So there’s a tradeoff here, between the speed with which a search engine incorporates new documents, and the speed with which it responds to queries. Confusion about this makes me grumpy when people talk about blog search and pings (the implication being that if old-school websearch engines listened more to pings, then they would be up-to-the-second fresh).
Traditional information-retrieval engines assume they have all the relevant documents before they build an index. And at the heart of the index are what is called “postings” — mappings of terms to the lists of document IDs that contain them. A postings file might look like this:
aardvark – 1,10,13
anteater – 1,8,49,74
ants – 1,8,10,12,74,89
but compressed and optimized to support one basic operation: scanning the postings to find document IDs that have the union of terms from the query (i.e. scanning for “aardvark” and “ants” should very quickly return: 1,10).

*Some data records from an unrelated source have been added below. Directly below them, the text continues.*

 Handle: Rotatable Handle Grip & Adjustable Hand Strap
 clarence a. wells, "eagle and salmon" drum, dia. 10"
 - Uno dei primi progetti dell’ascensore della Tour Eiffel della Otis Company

Now there are many tweaks on top of this basic postings framework, but as described, postings are 1) brutally efficient at supporting AND queries, and 2) a real pain to update. Part of the problem is that postings are usually compressed. For example, lists of doc ids are usually represented using run-length encoding – instead of using the absolute number (1,10,13), you use the increments (1,9,3). This makes the numbers smaller on average, so you can represent them more compactly, using some kind of variable-length encoding.

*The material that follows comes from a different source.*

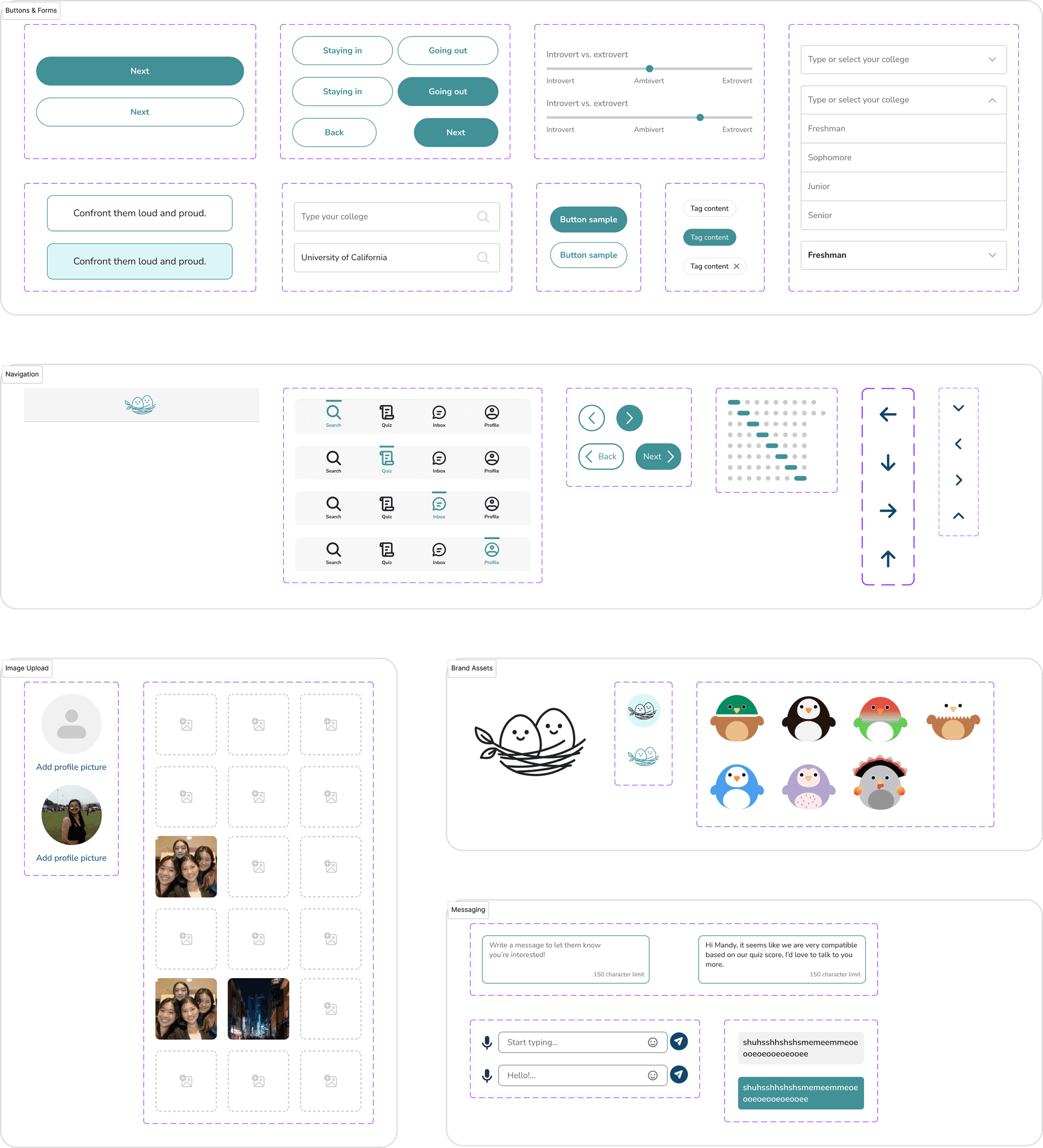 Despite the fast pace of the design-a-thon, I spent time creating a design system for the team. This allowed us to establish cohesive visual design and work efficiently with reusable components. We strived for a clean, modern look to resonate with Gen Z target users.
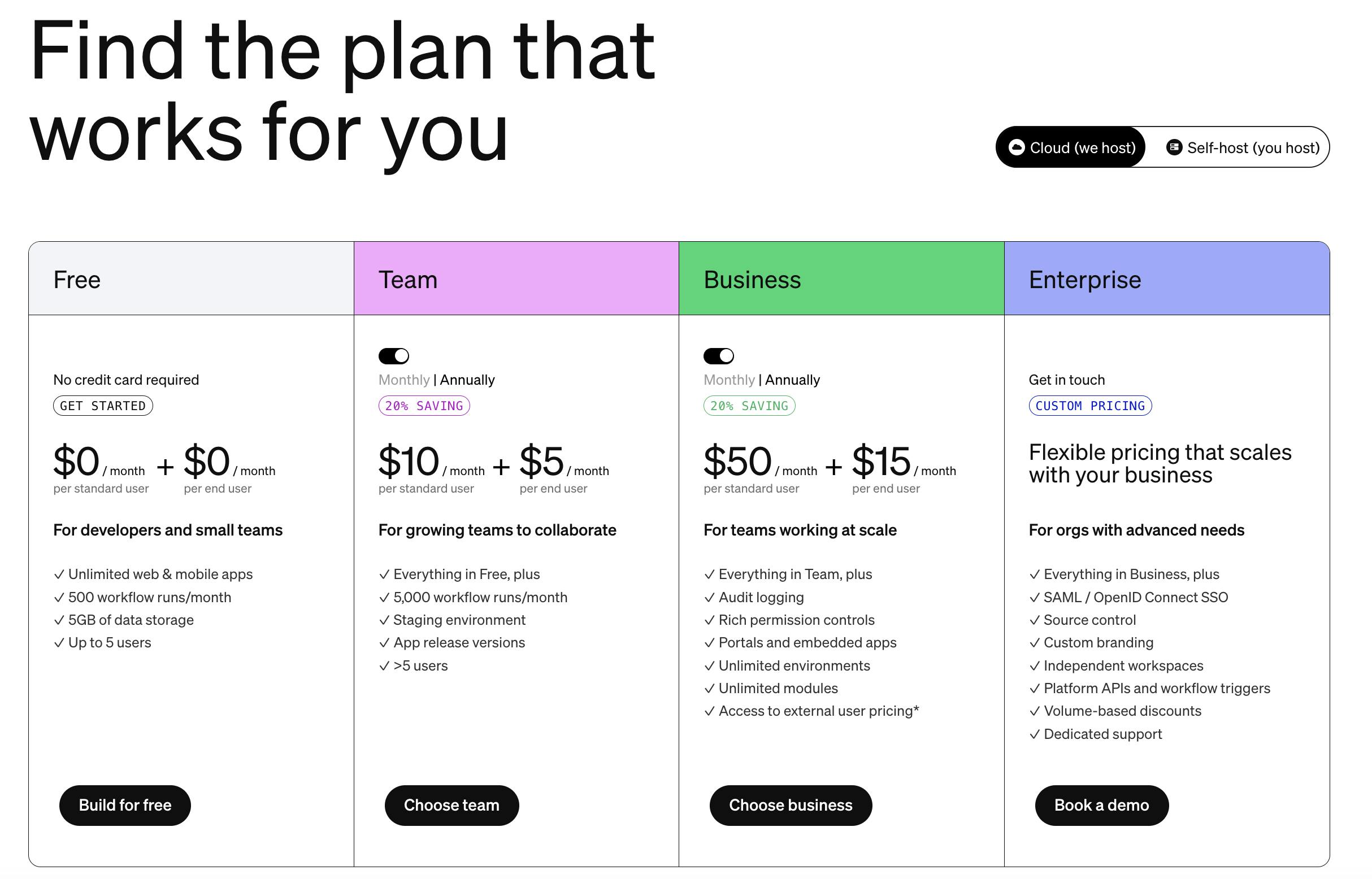 Retool offers a tiered, per-seat software subscription pricing model. In 2023, it rolled out an updated pricing model to distinguish between end users (consumers) and standard users (builders). The move was meant to democratize the ability to build and share applications at scale. Retool offers $25K in free Retool startup credits through the Retool for Startups program. This allows for quick capture of high-potential, fast-growing startups early and helps to grow alongside them.

But if you have a new term, or a new document? Good luck. Sure, you can take that new information, and merge it with your existing index to produce a new index. But that means a reformat of the file, and writing out a lot of new bytes. You’re not going to want to do that every time a new document arrives.

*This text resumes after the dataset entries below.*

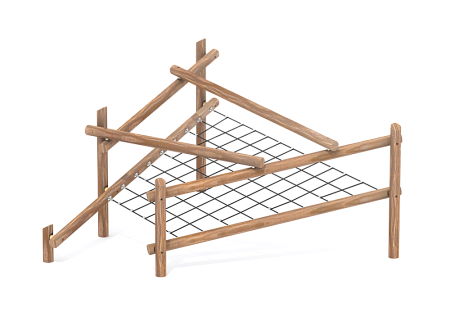 Первый - деревянные столбы и брёвна выполнены из лиственницы, имеют естественную природную форму, тщательно отшлифованы и обладают высочайшей прочностью.
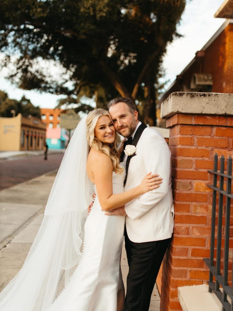 Newlywed couple walking hand-in-hand past modern Tampa waterfront buildings
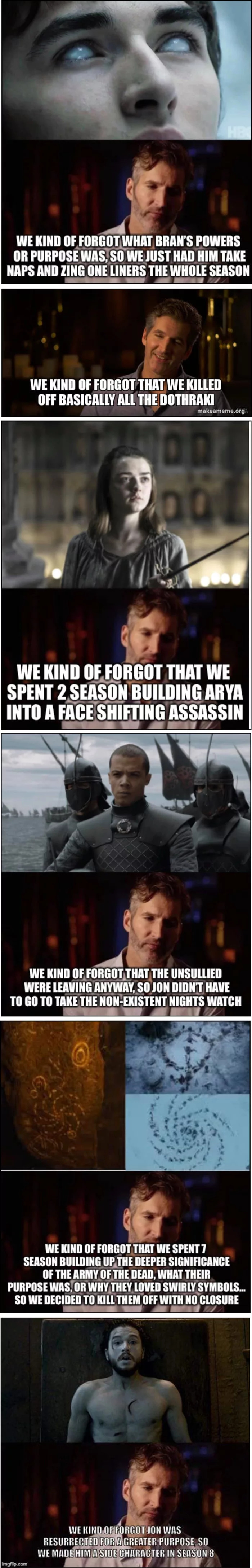 An der Stelle möchte ich mich aber bei den Schauspielern (wie z.B. Nikolaj Coster-Waldau, Ian McElhinney) bedanken, die seit JAHREN gehen den Bullshit von D&D ankämpfen, bzw. nun im Rahmen ihrer Möglichkeiten (Emilia Clarke, Joe Dempsie, Pilou Asbaek) Verständnis für die entrüsteten Fans zeigen und Sticheleien gegen die 8. Staffel setzen.
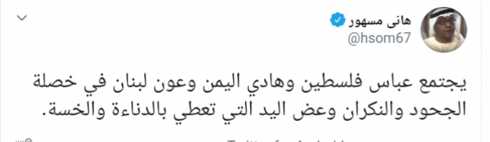 وكتب عبر تغريدة له على "تويتر" رصدها " المشهد العربي": "يجتمع عباس فلسطين وهادي اليمن وعون لبنان في خصلة الجحود والنكران وعض اليد التي تعطي بالدناءة والخسة".

Now, aren’t there blogsearch engines out there that claim very quick incorporation of new documents? Yes there are, and I basically buy that at least some of them operate as advertised. But then you have to ask how quickly they serve queries. Which would you rather have: information that’s a number of minutes old and served within less than a second, or info that’s very fresh that takes 30 seconds to query? Depends on your needs, of course, but anywhere close to 30 seconds and I think it’s an unsatisfactory user experience.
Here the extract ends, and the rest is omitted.